How to complete this task »
Write the entries out again in full and unchanged, dropping every image.
[Opening Supplied entries section]
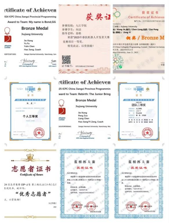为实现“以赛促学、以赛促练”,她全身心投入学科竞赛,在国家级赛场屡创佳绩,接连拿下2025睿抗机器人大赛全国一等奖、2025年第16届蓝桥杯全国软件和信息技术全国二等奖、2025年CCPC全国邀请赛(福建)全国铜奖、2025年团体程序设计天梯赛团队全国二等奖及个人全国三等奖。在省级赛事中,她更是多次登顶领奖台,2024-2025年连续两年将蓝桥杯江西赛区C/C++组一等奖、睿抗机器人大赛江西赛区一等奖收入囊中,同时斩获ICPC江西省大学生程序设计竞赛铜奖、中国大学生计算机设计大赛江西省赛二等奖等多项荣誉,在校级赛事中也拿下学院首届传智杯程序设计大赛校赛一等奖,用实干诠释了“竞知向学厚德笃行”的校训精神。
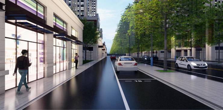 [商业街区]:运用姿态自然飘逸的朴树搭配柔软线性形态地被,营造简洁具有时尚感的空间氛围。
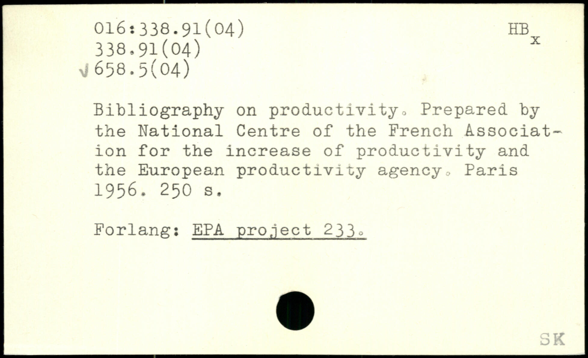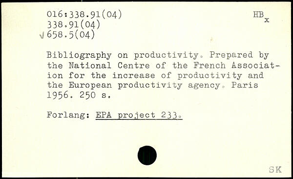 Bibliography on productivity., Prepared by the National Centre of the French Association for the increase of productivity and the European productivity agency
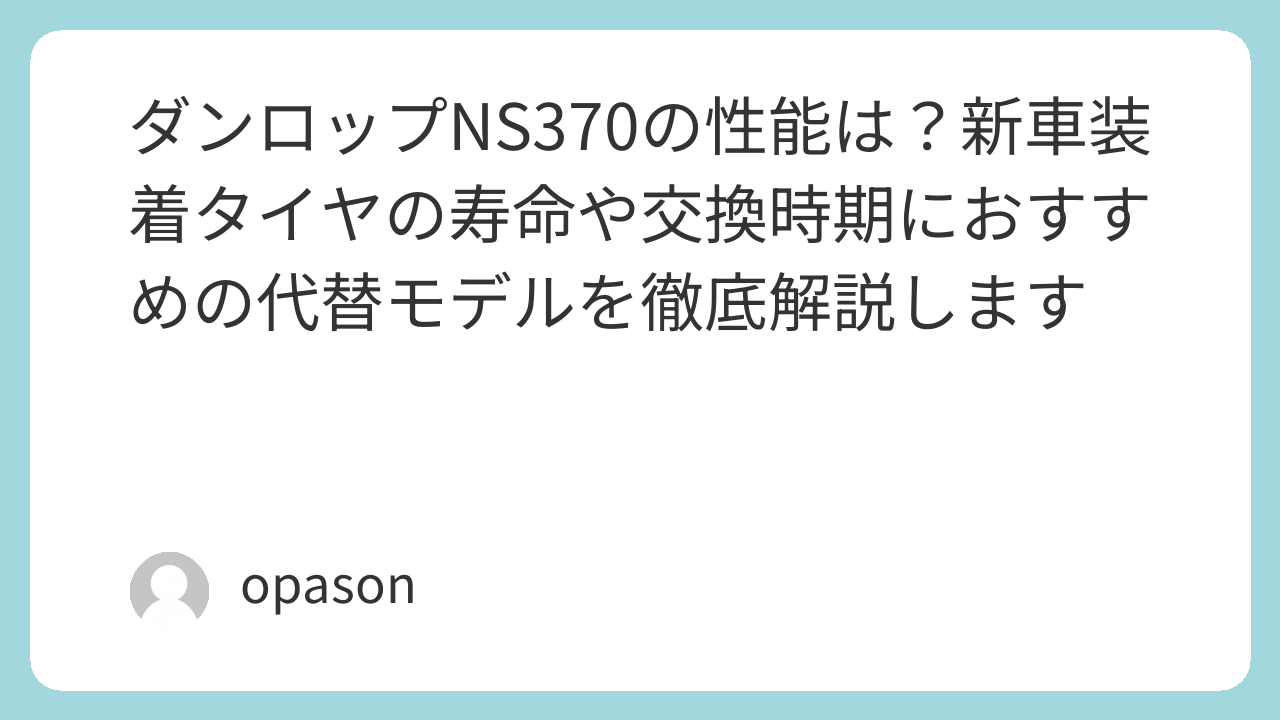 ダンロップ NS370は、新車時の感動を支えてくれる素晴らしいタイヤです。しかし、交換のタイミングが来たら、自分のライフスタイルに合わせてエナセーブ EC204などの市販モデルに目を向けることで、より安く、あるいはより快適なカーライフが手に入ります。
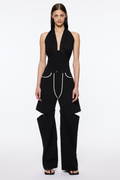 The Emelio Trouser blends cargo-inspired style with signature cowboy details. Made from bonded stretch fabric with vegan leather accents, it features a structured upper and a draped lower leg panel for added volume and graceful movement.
[Closing Supplied entries section]
Solution »
为实现“以赛促学、以赛促练”,她全身心投入学科竞赛,在国家级赛场屡创佳绩,接连拿下2025睿抗机器人大赛全国一等奖、2025年第16届蓝桥杯全国软件和信息技术全国二等奖、2025年CCPC全国邀请赛(福建)全国铜奖、2025年团体程序设计天梯赛团队全国二等奖及个人全国三等奖。在省级赛事中,她更是多次登顶领奖台,2024-2025年连续两年将蓝桥杯江西赛区C/C++组一等奖、睿抗机器人大赛江西赛区一等奖收入囊中,同时斩获ICPC江西省大学生程序设计竞赛铜奖、中国大学生计算机设计大赛江西省赛二等奖等多项荣誉,在校级赛事中也拿下学院首届传智杯程序设计大赛校赛一等奖,用实干诠释了“竞知向学厚德笃行”的校训精神。
 [商业街区]:运用姿态自然飘逸的朴树搭配柔软线性形态地被,营造简洁具有时尚感的空间氛围。
 Bibliography on productivity., Prepared by the National Centre of the French Association for the increase of productivity and the European productivity agency
 ダンロップ NS370は、新車時の感動を支えてくれる素晴らしいタイヤです。しかし、交換のタイミングが来たら、自分のライフスタイルに合わせてエナセーブ EC204などの市販モデルに目を向けることで、より安く、あるいはより快適なカーライフが手に入ります。
 The Emelio Trouser blends cargo-inspired style with signature cowboy details. Made from bonded stretch fabric with vegan leather accents, it features a structured upper and a draped lower leg panel for added volume and graceful movement.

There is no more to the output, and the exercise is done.